Here is an example of data model based on composite columns. Consider a building HVAC system with the sensor data stored in a column family with composite columns. Here are the fields.
day | day as integer | 20130421 |
city | city name | Los Angeles |
buildingID | An integer ID for a building | 2658 |
sensorID | An integer ID for a sensor in a building | 295016 |
time | timestamp as long | 1361237156 |
temp | temarature as double | 71.2 |
humidity | relative humidity as double | 30.7 |
A record is uniquely identified with the tuple (day, city, buildingID, sensorID, time). The corresponding column family definition with composite key will be as below
create column family buildingControl with key_validation_class = 'IntegerType' and comparator = 'CompositeType(UTF8Type, IntegerType, IntegerType, LongType, UTF8Type)' and default_validation_class='DoubleType';
The composite column along with row key provide a 6 level nested map. The composite column has 5 components. The first 4 correspond to the value of the tuple (city, buildingID, sensorID, time). The last element is the name of a non primary column. The storage layout of a record will look as below
20130421 | Los Angeles:2658:295016:1361237156:temp | Los Angeles:2658:295016:1361237156:humidity |
71.2 | 30.7 |
The first 4 fields of the composite column name are the values of (city, buildingID, sensorID, time) values respectively, which are the clustering keys. The last component is the column name for a non primary key column. The value of the composite column is the corresponding non primary key column value.

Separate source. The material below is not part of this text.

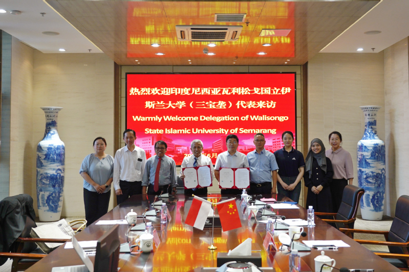 6月17日,印尼三寶壟瓦利松戈國(guó)立伊斯蘭大學(xué)校長(zhǎng)尼扎爾、副校長(zhǎng)穆克欣、國(guó)際處處長(zhǎng)阿古斯一行3人來訪我校洽談交流合作。黨委副書記、校長(zhǎng)沈士德在圖書館會(huì)議室接待來訪代表團(tuán),國(guó)際合作與交流處相關(guān)工作人員陪同洽談。
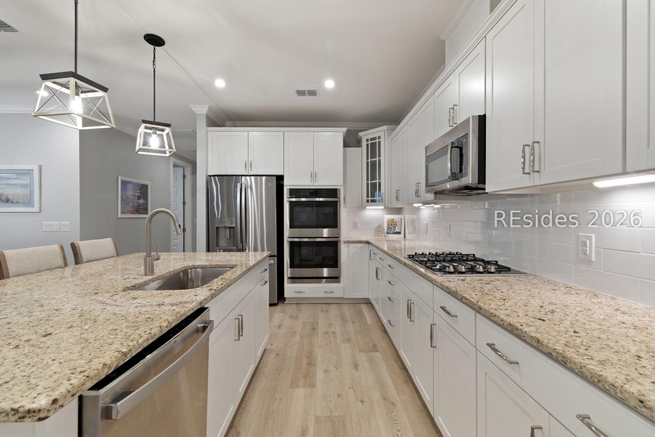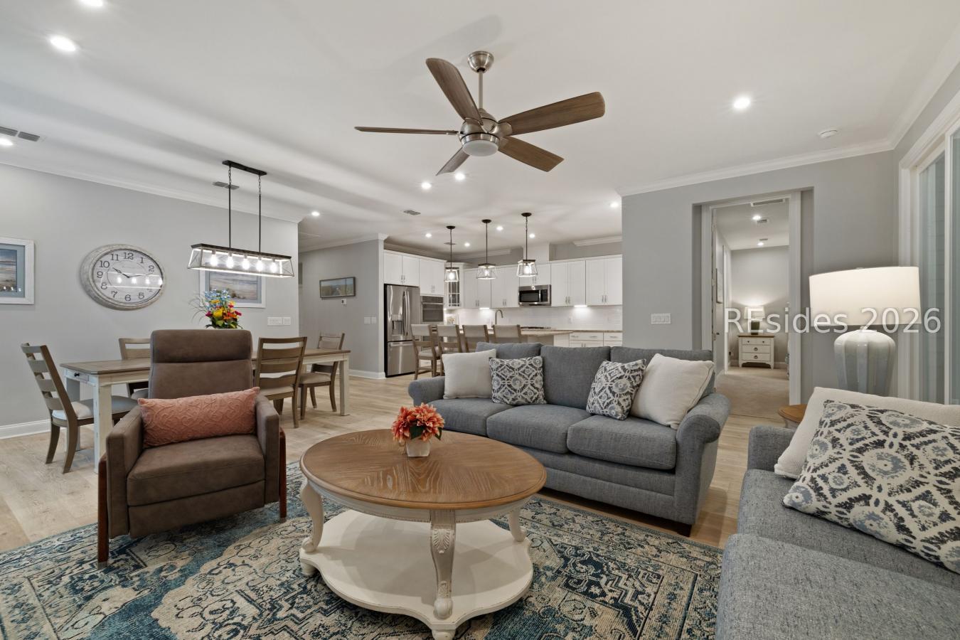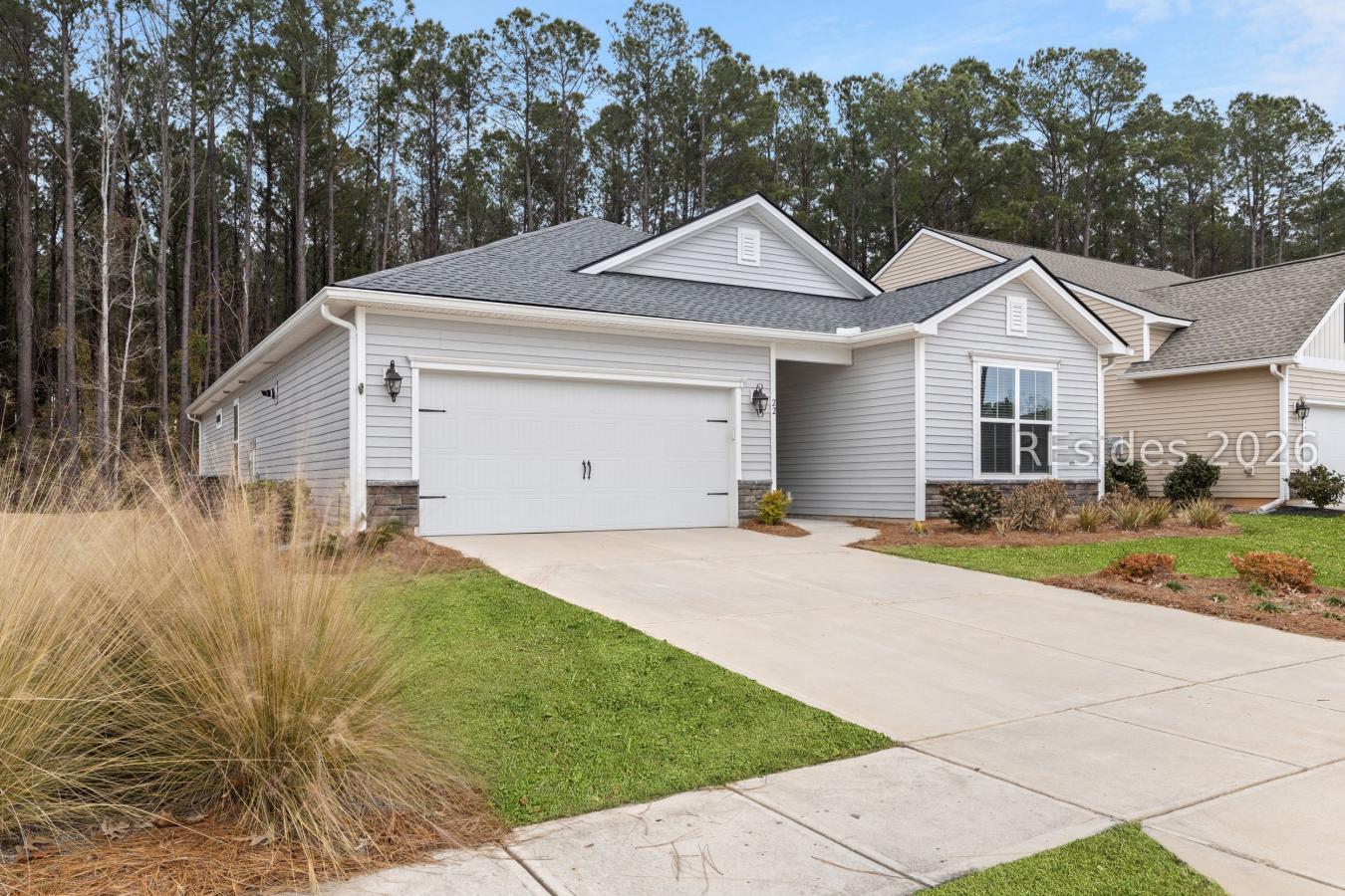 Move-in ready and truly unique! This rare 4BR Palmera II in Four Seasons at Carolina Oaks features a private in-law suite with separate entrance, kitchenette, full bath, and flexible living/sleeping space-perfect for multigenerational living or long-term guests. The main home offers 3 additional bedrooms (or 2 flex room/office), a chefs kitchen, open-concept great room, and a screened-in porch overlooking wooded views - peaceful & tranquil. Like new, lightly lived in, and close to resort-style amenities. Gated community and close to all of the best Bluffton has to offer - minutes from shops, restaurants and spa. Furnishings negotiable-just bring your suitcase! WELCOME HOME!

The composite column name is shown in a human readable form. Internally, the composite column name is stored with some byte encoding logic. As a nested Map, a record, in this example can be represented as Map<Integer,Map<String, Map<Integer, Map<Integer, Map<Long, Map>>>>> . Strictly speaking all the inner maps are sorted maps. As we will see later, in terms of CQL, the outer map corresponds to the row key and all the inner maps except for the last one correspond to the clustering key.
A record comprises of a set of columns. The set of columns is repeated in the row for different unique values of (city, buildingID, sensorID, time). Essentially, a row will contain multiple records. Before composite key was introduced in Cassandra, people had resorted to using this pattern for multi level map by doing string concatenation for column values and names.
Primary Key Syntactic Sugar
In thrift, the interface to Cassandra is tightly coupled to the internal storage structure. CQL introduces a layer of abstraction between the underlying storage structure and the logical model and makes the the data model look like a familiar RDBMS table. The entity in our example has 7 attributes and as shown below, all 7 of them appear as columns in the CQL table definition.
CREATE TABLE buildingControl ( day int, city text, buildingID int, sensorID int, time timestamp, temp double, humidity double PRIMARY KEY (day, city, buildingID, sensorID, time) );
The primary key definition maps to the storage structure as follows. The first element day is the row key or the partitioning key. The remaining 4 elements constitute the clustering key. Internally, a record is stored with 2 physical columns, as we saw in the thrift data model definition. The 7 logical columns map to one row key and two composite columns.
Into the Object Land
So far in out example, data model had a flat record structure and we were able to define everything nicely with CQL. What if we have multiple related entities in our use case and we wanted to denormalize the data model. Here is an example of an order object in an eCommerce application, represented with JSON.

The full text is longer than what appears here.